— How to complete this task —
Below are records with pictures. Reproduce exactly the lines from the line with "- Из официального" to the line with "Canasta Térmica Gris", inclusive, and leave each picture out.

— Dataset items —
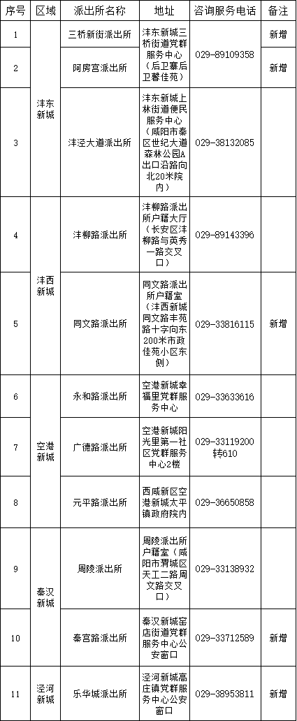 群众可在之前公布的永和路派出所、广德路派出所、元平路派出所、周陵派出所、沣泾大道派出所、沣柳路派出所6家派出所办理点办理公安综合业务外,还可前往本次新开通的三桥新街派出所、阿房宫派出所、同文路派出所、秦宫路派出所、乐华城派出所这5家新增办理地点办理公安综合业务,新增办理点于7月3日正式对外办公。
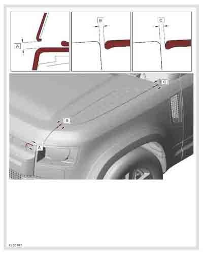 - Из официального водства по ремонту кузова LAND ROVER Defender 2 (L663) 3-DOOR (90) 2020--, в том числе размеры проемов кузова. Дополнительно приведены сведения о допустимых зазорах кузовных панелей.
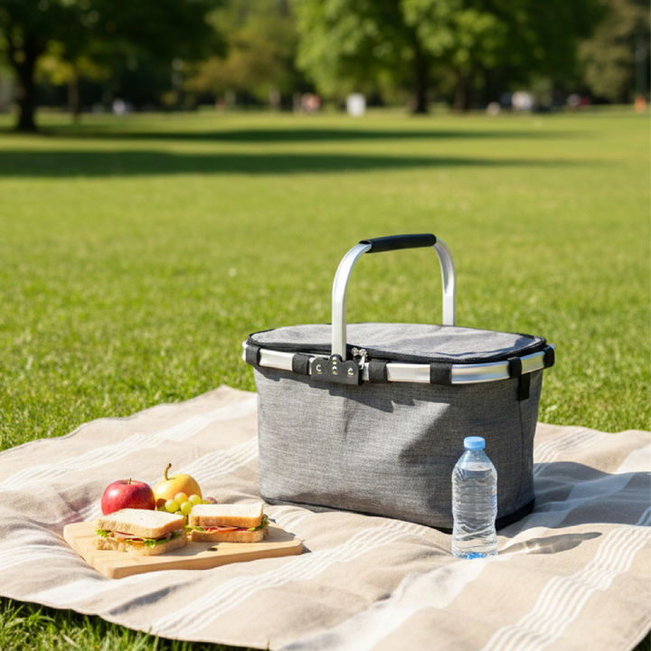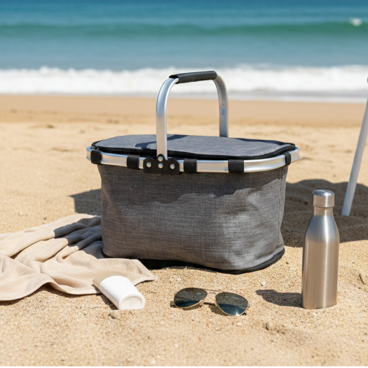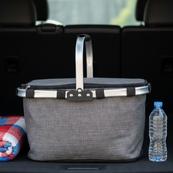 Canasta Térmica Gris con Manija – Ideal para Picnic y Viajes
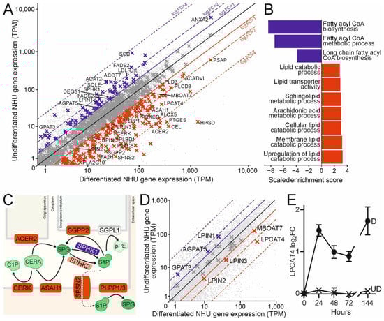 Modulation of human urothelial lipid biosynthesis induced upon differentiation. (A) Gene expression plot comparison of three donor-matched cultures before [UD] and after [D] induction of the NHU differentiation protocol. Genes with gene ontology terms linked to lipid processing are shown as crosses, otherwise dots. Red crosses exhibit greater than doubling of expression in the differentiated cultures, and vice versa for the blue crosses, when corrected p values were less than 0.05. Genes of particular interest are indicated. (B) Lipid pathways enriched in differentiated (red) or undifferentiated (blue) states. Scaled enrichment score is equal to the GSEA normalised enrichment score multiplied by the reciprocal of the FDR. (C) Urothelial “sphingolipid rheostat” showing the upregulation of gene transcript upon differentiation where protein products deplete ceramide (CERA) or sphingosine-1-phosphate (S1P), likely increasing sphingosine (SPG) levels. Upregulated genes in red, downregulated in blue, partial upregulation in pink, no significant change in grey. Changing genes are named in (A). Metabolites in green. C1P: ceramide-1-phosphate; pPE: phosphoethanolamine. ACER2 hydrolysis of ceramides commonly produces sphingosine and stearic acid (18:0); the latter may explain the slight increase in 18:0 PC fatty acyl chains seen upon differentiation (Figure 1D). (D) Same as the expression plot in (A) but highlighting genes from the Kennedy Pathway or Land’s Cycle only, naming those with statistically significant changes, highlighting the 5.37-fold upregulation of LPCAT4 upon differentiation (Benjamini-Hochberg corrected p = 4.76 × 10−6). (E) RT-qPCR timecourse of LPCAT4 expression upon differentiation [D] with values normalised to the undifferentiated [UD] 0 h levels. Error bars represent standard deviation from three technical replicates of a single NHU donor background.
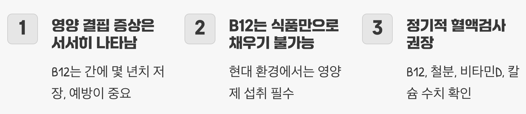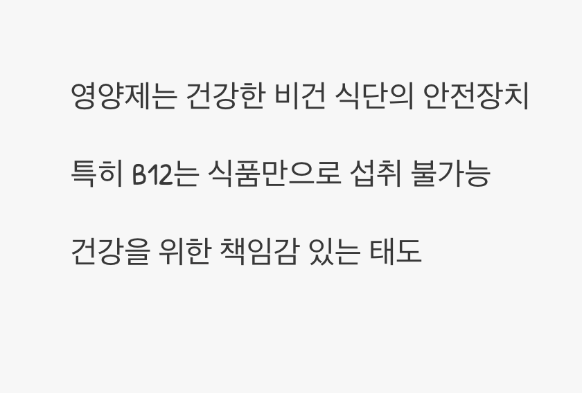 특히 비타민 B12처럼 식품만으로 섭취가 거의 불가능한 영양소의 경우, 영양제는 당신의 건강을 지켜줄 가장 확실한 안전장치입니다. 건강을 위해 시작한 채식이, 오히려 건강을 해치는 일이 되어서는 안 되니까요.

— Completed exercise —
 - Из официального водства по ремонту кузова LAND ROVER Defender 2 (L663) 3-DOOR (90) 2020--, в том числе размеры проемов кузова. Дополнительно приведены сведения о допустимых зазорах кузовных панелей.
 Canasta Térmica Gris con Manija – Ideal para Picnic y Viajes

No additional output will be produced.